The estimates track the controlled dimension closely through $\bar{d} = 32$ and compress somewhat at 64 and 128. The tool is trustworthy in exactly the regime where natural image datasets turn out to live.
What real datasets measure
Applying the estimator to standard vision datasets produces the headline numbers. MNIST sits lowest, around 7 to 13 depending on $k$; CIFAR-10 and CelebA land in the teens to mid-twenties; ImageNet tops the chart at roughly 26 to 43.
The punchline deserves restating: ImageNet, with its 150,528-pixel ambient space, has an intrinsic dimension below fifty. Almost all of pixel space is empty of natural images.
Why the number matters
Task difficulty tracks dimension
Sorting datasets by estimated dimension reproduces the folk ordering of their difficulty. State-of-the-art accuracy falls as intrinsic dimension rises, even when training set sizes differ by orders of magnitude:
| Dataset | MNIST | SVHN | CIFAR-100 | CelebA | CIFAR-10 | MS-COCO | ImageNet |
|---|---|---|---|---|---|---|---|
| MLE ($k$=3) | 7 | 9 | 11 | 9 | 13 | 22 | 26 |
| MLE ($k$=5) | 11 | 14 | 18 | 17 | 21 | 33 | 38 |
| MLE ($k$=10) | 12 | 18 | 22 | 24 | 25 | 37 | 43 |
| MLE ($k$=20) | 13 | 19 | 23 | 26 | 26 | 36 | 43 |
| SOTA accuracy | 99.84 | 99.01 | 93.51 | – | 99.37 | – | 88.55 |
Generation difficulty scales the same way. For diffusion models under the manifold hypothesis, Potaptchik et al. [3] show the number of diffusion steps required for sampling grows as $O(d)$ in the intrinsic dimension $d$, linking the geometry directly to inference cost.
Guidance for generator design
The number also reads as a design constraint. When the latent space of a generator is far wider than the data manifold, training pays for the mismatch. The StyleGAN-XL authors [4] reached the same conclusion from the practical side:
Accordingly, a latent code of size 512 is highly redundant, making the mapping network’s task harder at the beginning of training. Consequently, the generator is slow to adapt and cannot benefit from Projected GAN’s speed up. We therefore reduce StyleGAN’s latent code $z$ to 64.
Sauer, Schwarz, and Geiger, StyleGAN-XL
A latent width of 64 sits comfortably above the measured intrinsic dimension of ImageNet while discarding hundreds of redundant coordinates.
Detecting AI-generated text
Intrinsic dimension separates sources of text, not just images. Tulchinskii et al. [5] estimate the dimension of contextual embeddings and find human-written text consistently measures higher, around 9 to 10, than GPT-3.5 generations, around 7 to 8. The gap is stable enough to power a detector that holds up across domains and models.
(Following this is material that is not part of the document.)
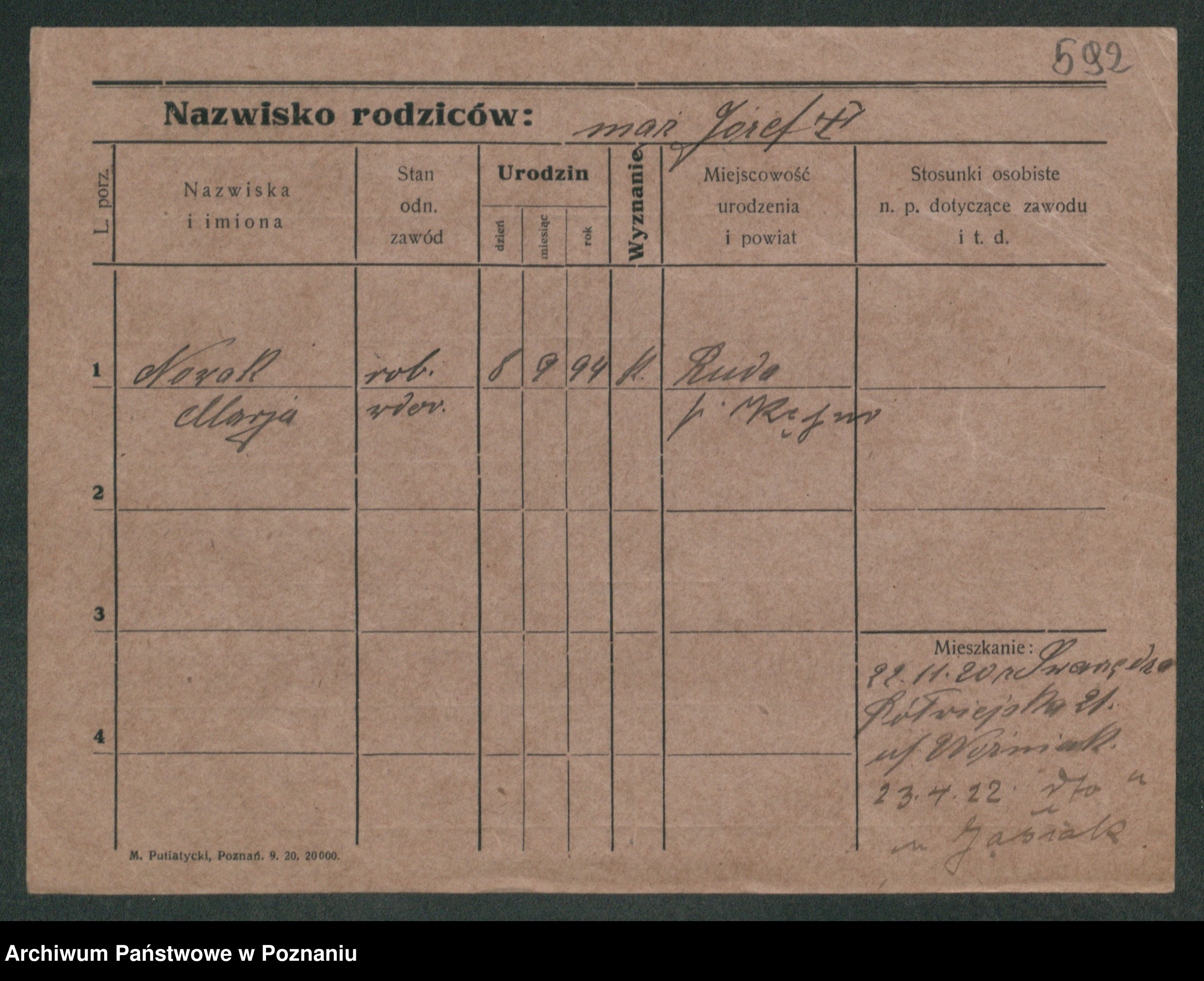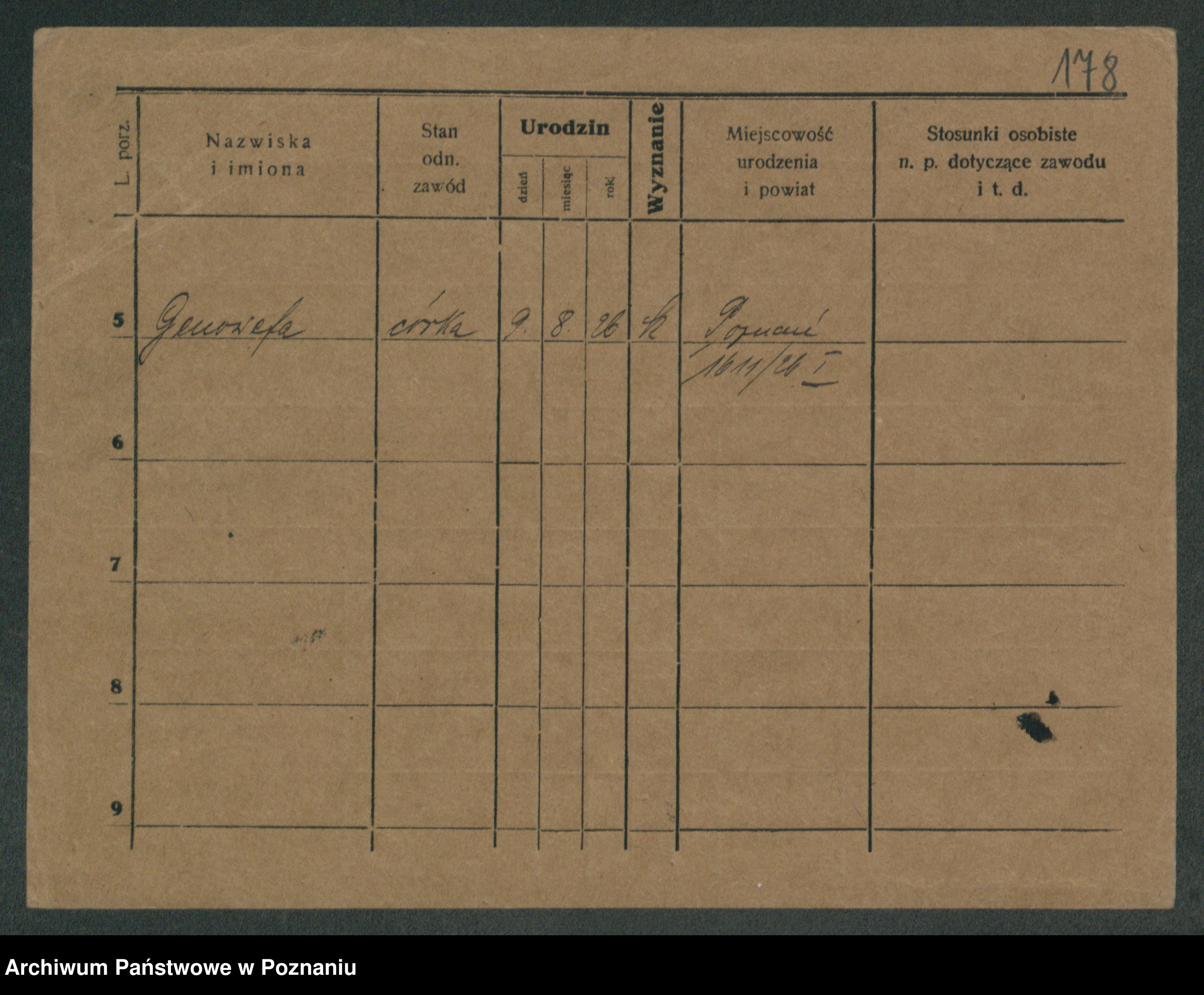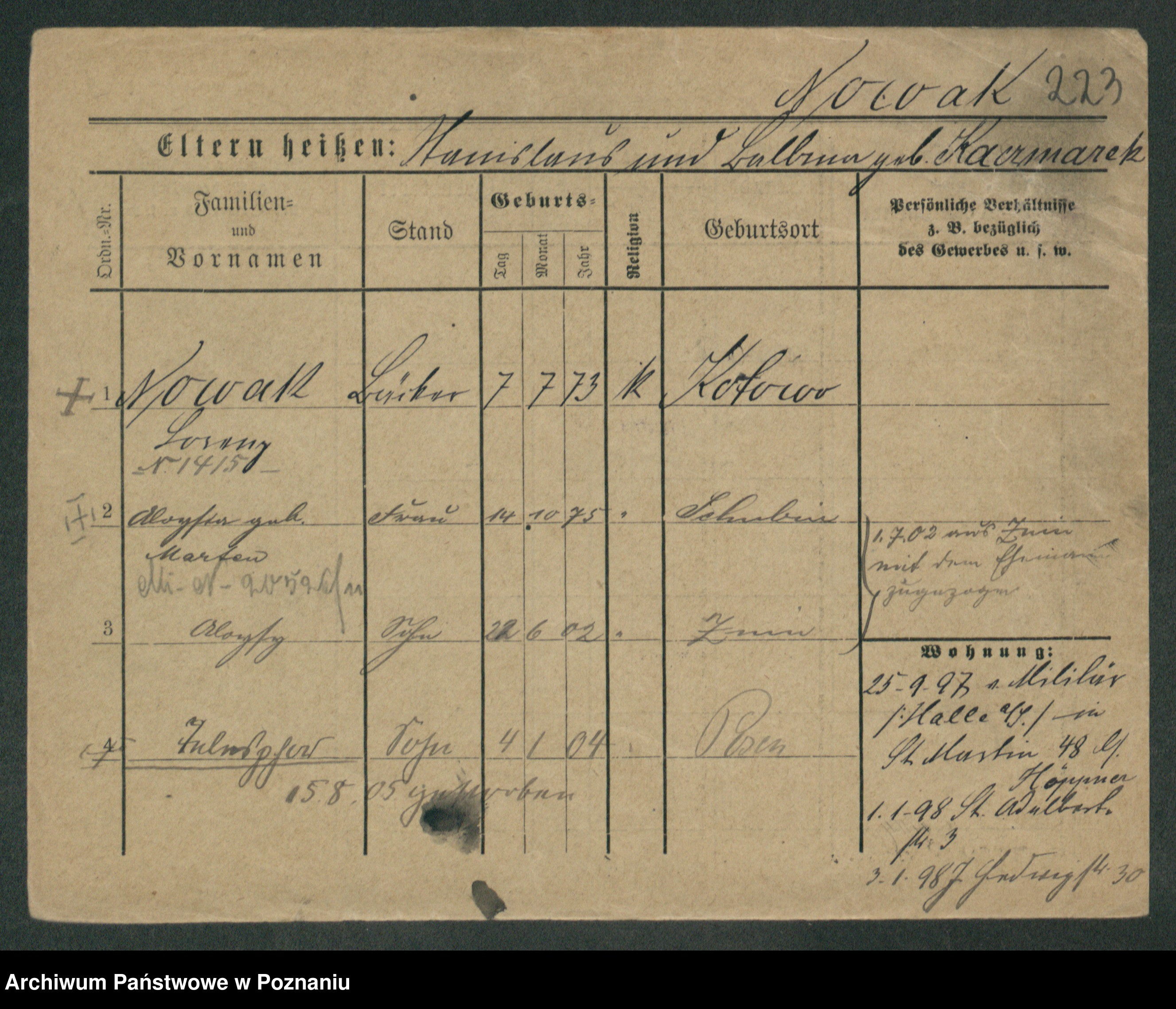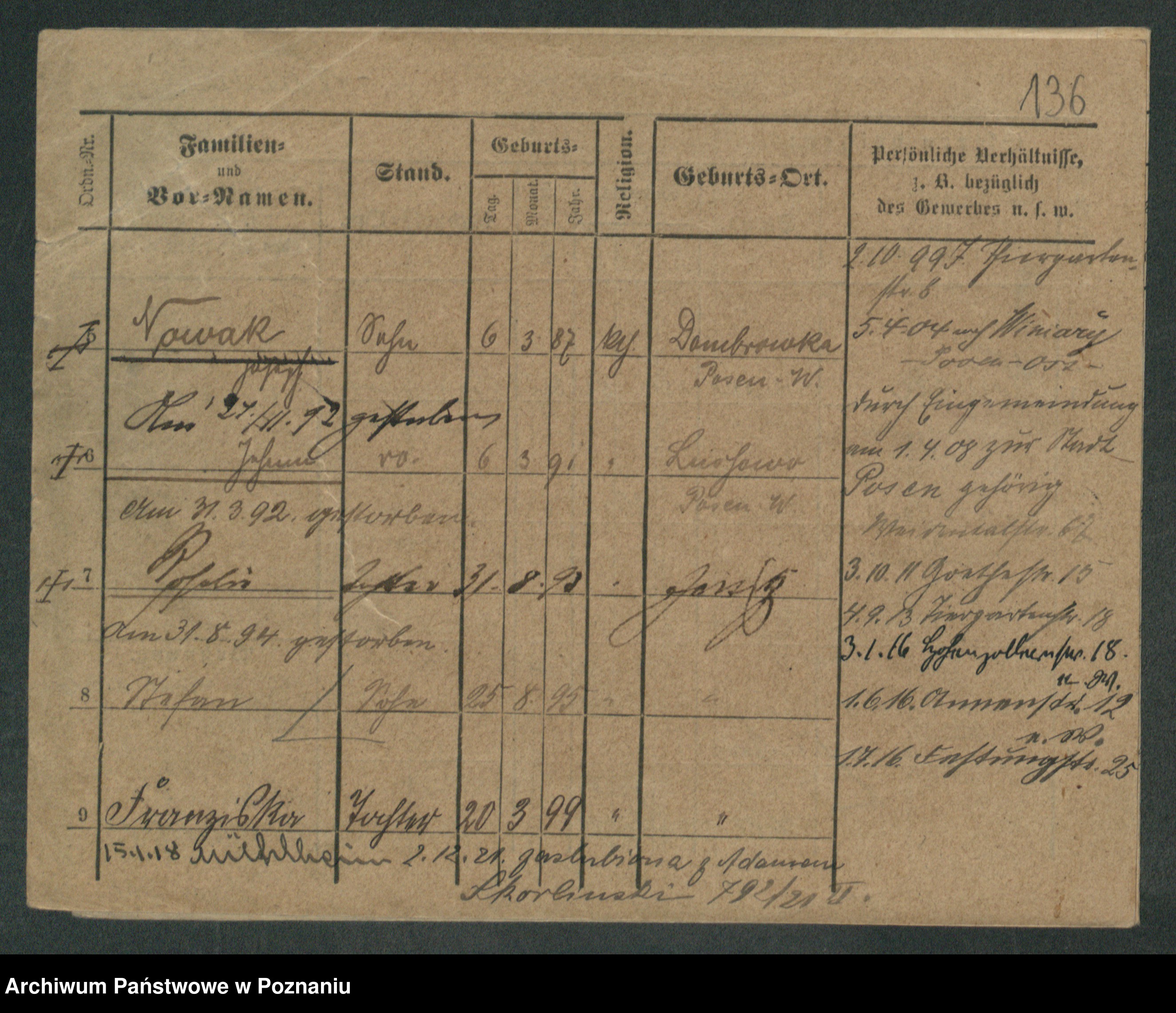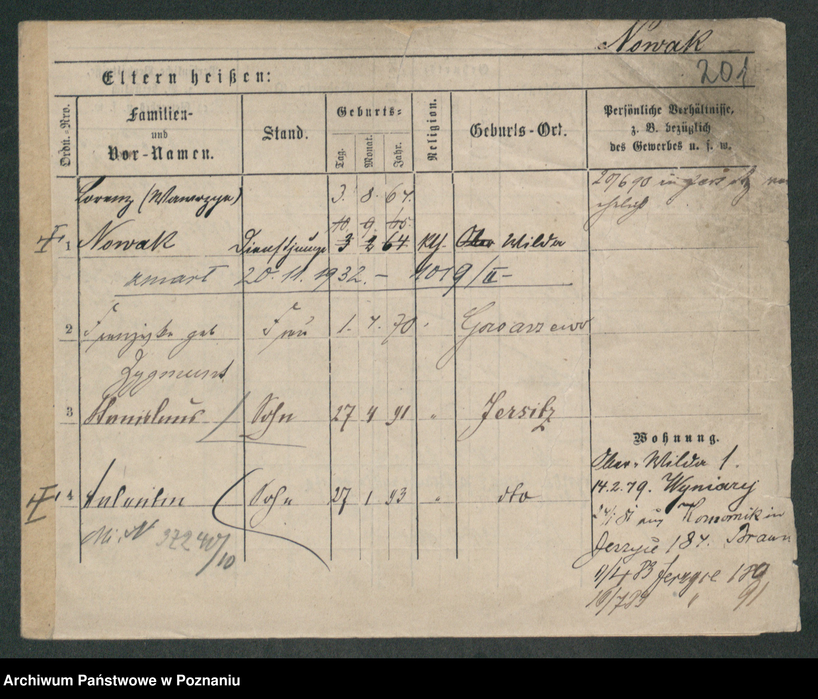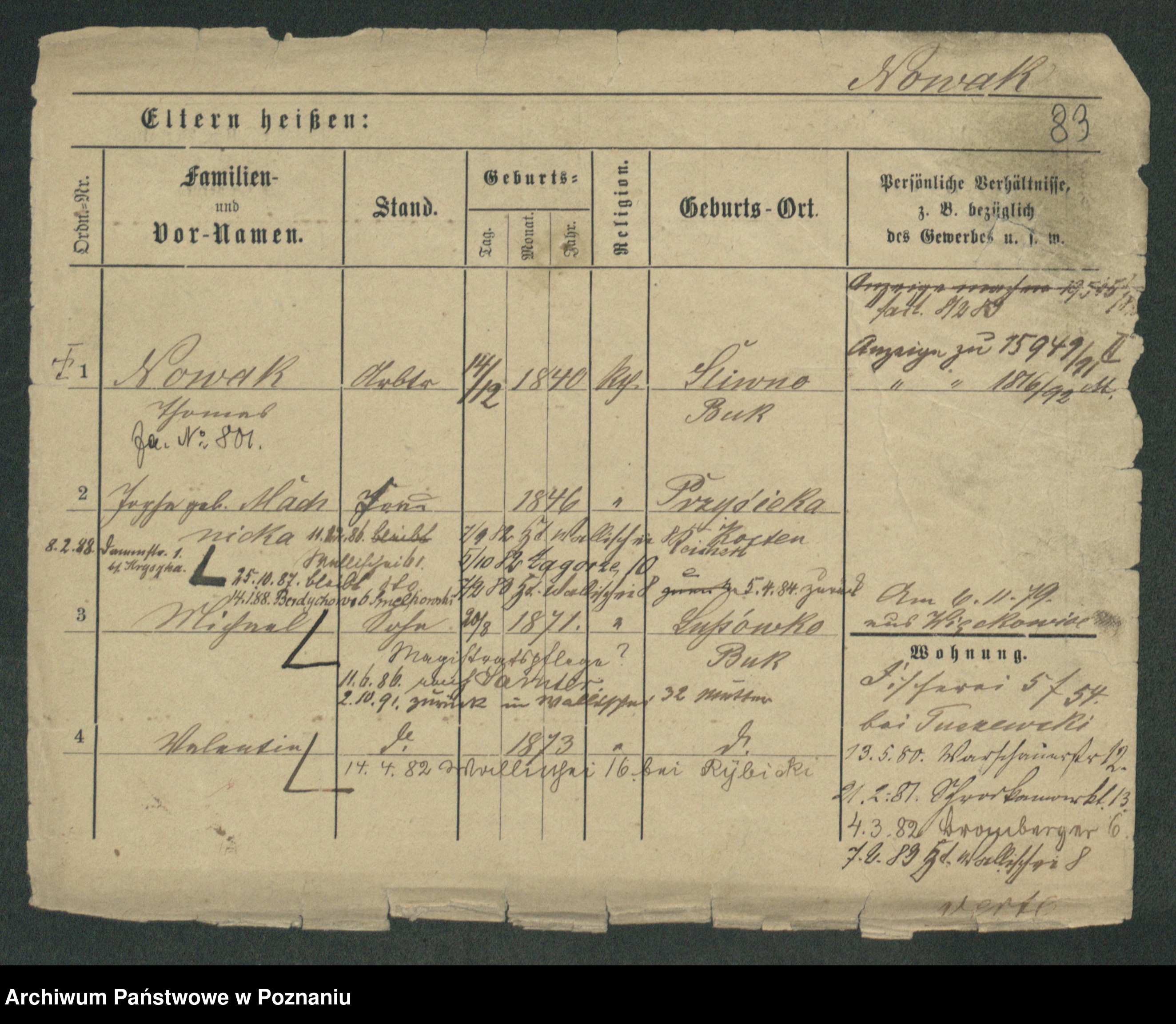 Podgląd karty osobowej dostępny jest po kliknięciu na nazwisko lub ikonkę karty. Można dokonywać powiększenia (ikony na górze) lub przechodzić między kolejnymi skanami (strzałki po bokach).

One number, estimated from nearest-neighbor distances alone, predicts classification difficulty, prices generative sampling, sizes latent spaces, and flags synthetic text. Worth knowing for your data.
References
- Elizaveta Levina and Peter J. Bickel. Maximum likelihood estimation of intrinsic dimension. In Advances in Neural Information Processing Systems, 2004.
- Phillip Pope, Chen Zhu, Ahmed Abdelkader, Micah Goldblum, and Tom Goldstein. The intrinsic dimension of images and its impact on learning. In ICLR, 2021.
- Peter Potaptchik, Iskander Azangulov, and George Deligiannidis. Linear convergence of diffusion models under the manifold hypothesis. 2024.
- Axel Sauer, Katja Schwarz, and Andreas Geiger. StyleGAN-XL: Scaling StyleGAN to large diverse datasets. In ACM SIGGRAPH, 2022.
- Eduard Tulchinskii, Kristian Kuznetsov, Laida Kushnareva, Daniil Cherniavskii, Sergey Nikolenko, Evgeny Burnaev, Serguei Barannikov, and Irina Piontkovskaya. Intrinsic dimension estimation for robust detection of AI-generated texts. In Advances in Neural Information Processing Systems, 2023.